Where the listing below reaches the line containing "Yumuşak pembe tonlarıyla", start writing out lines exactly, and stop once the line containing "4、在翻譯設(shè)置頁(yè)面,找" has been written.

DATA PROVIDED =
▶
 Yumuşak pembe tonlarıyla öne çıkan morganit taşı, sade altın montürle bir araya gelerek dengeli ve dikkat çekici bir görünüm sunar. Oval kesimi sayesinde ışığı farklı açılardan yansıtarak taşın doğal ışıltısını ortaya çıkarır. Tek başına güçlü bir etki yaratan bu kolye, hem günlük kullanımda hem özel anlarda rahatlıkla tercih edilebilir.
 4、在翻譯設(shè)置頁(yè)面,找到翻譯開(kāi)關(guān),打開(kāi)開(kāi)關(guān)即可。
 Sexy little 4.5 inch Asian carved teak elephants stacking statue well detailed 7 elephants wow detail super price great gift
◀
▶
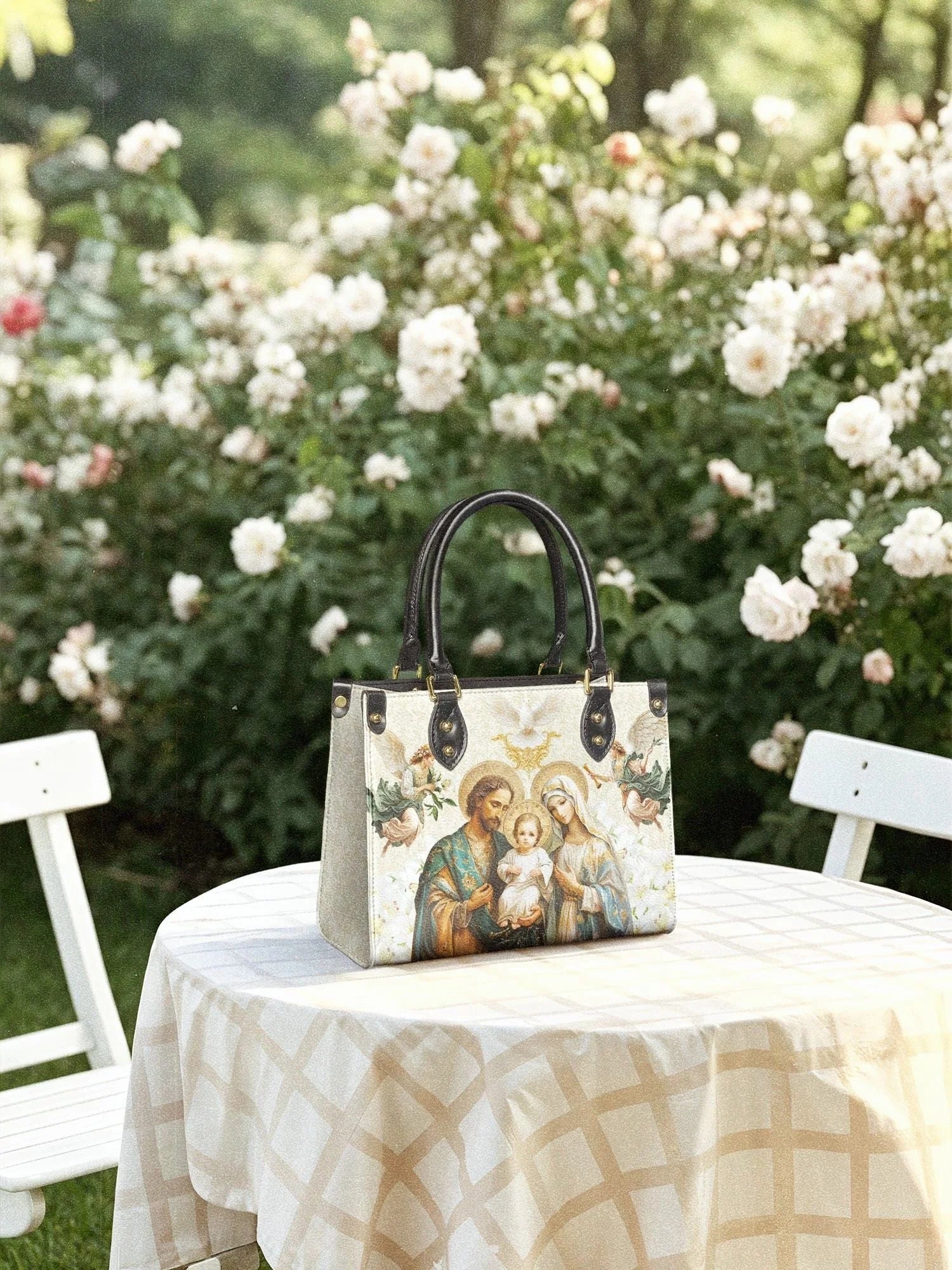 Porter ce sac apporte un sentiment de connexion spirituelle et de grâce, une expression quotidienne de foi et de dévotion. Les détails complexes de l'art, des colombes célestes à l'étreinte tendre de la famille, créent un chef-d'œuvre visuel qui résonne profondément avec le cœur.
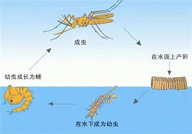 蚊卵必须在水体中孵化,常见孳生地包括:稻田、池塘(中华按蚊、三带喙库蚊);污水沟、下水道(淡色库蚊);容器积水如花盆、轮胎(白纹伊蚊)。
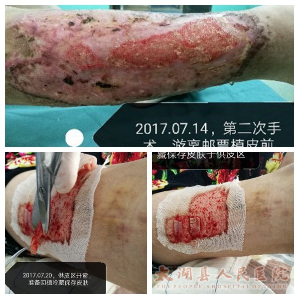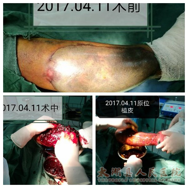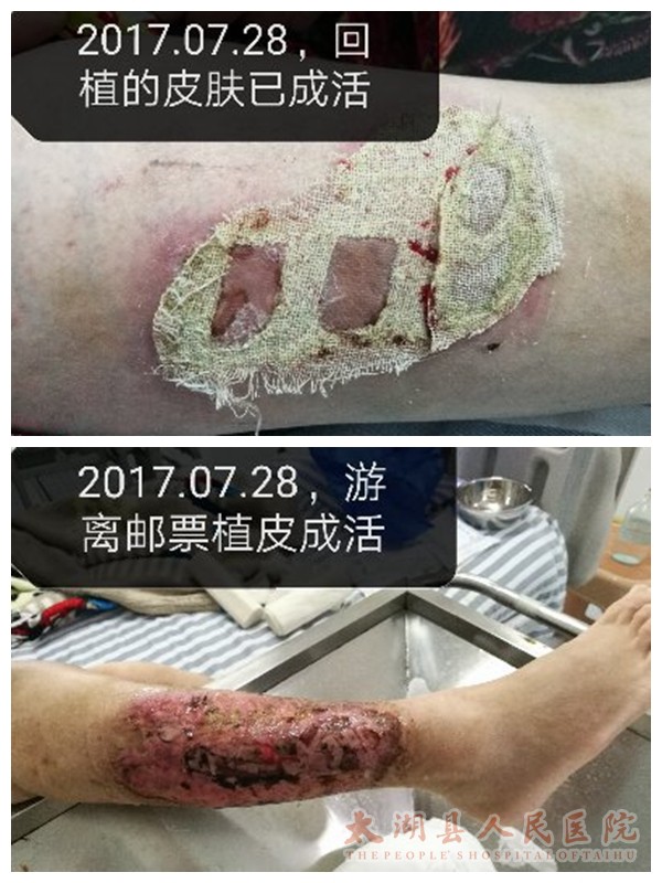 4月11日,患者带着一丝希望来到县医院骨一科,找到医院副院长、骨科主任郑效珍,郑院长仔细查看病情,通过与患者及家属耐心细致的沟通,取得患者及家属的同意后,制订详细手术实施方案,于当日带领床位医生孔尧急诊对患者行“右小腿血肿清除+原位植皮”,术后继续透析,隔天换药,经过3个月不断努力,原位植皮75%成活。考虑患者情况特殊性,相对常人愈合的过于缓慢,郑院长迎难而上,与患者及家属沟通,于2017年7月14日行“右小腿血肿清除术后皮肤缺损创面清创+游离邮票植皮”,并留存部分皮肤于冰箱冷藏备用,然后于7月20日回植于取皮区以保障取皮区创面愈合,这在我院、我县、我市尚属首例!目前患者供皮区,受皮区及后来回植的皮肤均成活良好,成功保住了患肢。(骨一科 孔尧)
◀
▶
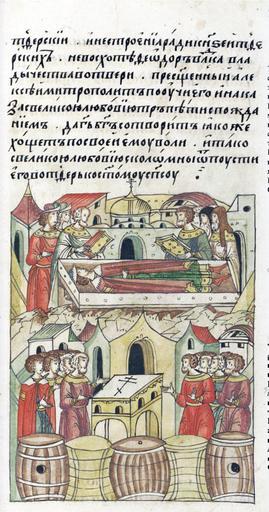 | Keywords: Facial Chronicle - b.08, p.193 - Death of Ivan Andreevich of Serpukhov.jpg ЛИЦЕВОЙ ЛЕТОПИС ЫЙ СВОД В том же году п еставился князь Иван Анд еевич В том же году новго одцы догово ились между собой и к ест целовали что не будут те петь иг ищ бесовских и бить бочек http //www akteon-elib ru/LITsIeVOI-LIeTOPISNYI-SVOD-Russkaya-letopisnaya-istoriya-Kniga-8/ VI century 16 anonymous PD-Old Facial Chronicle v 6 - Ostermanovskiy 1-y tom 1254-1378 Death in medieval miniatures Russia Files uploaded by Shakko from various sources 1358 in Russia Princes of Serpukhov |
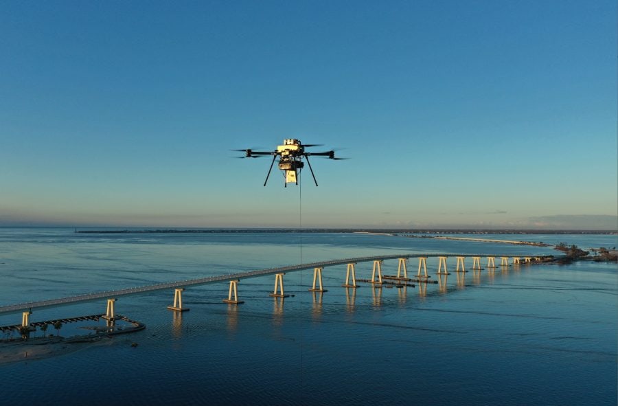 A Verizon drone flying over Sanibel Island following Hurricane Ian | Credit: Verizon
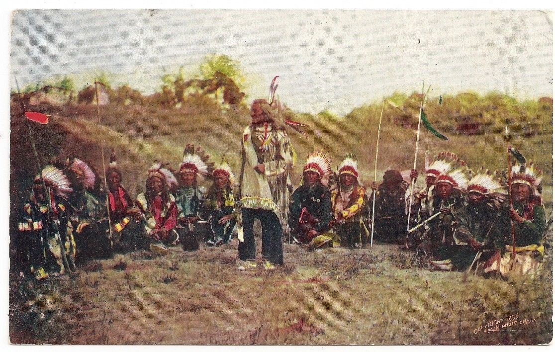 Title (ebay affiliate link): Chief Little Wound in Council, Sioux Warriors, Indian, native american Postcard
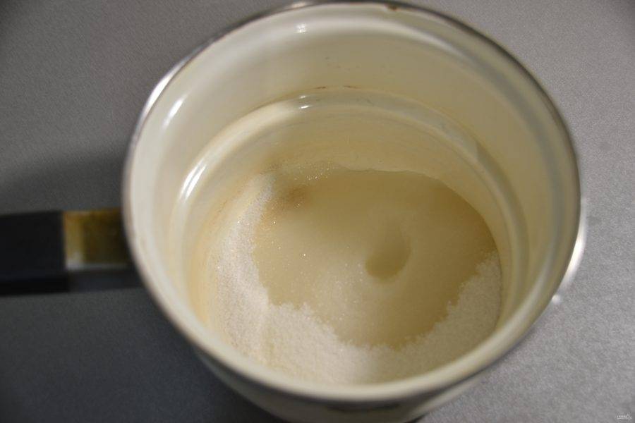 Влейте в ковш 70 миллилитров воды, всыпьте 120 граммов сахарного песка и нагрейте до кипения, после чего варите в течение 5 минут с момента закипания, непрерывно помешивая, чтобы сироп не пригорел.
◀
YOUR SOLUTION =
 Yumuşak pembe tonlarıyla öne çıkan morganit taşı, sade altın montürle bir araya gelerek dengeli ve dikkat çekici bir görünüm sunar. Oval kesimi sayesinde ışığı farklı açılardan yansıtarak taşın doğal ışıltısını ortaya çıkarır. Tek başına güçlü bir etki yaratan bu kolye, hem günlük kullanımda hem özel anlarda rahatlıkla tercih edilebilir.
 4、在翻譯設(shè)置頁(yè)面,找到翻譯開(kāi)關(guān),打開(kāi)開(kāi)關(guān)即可。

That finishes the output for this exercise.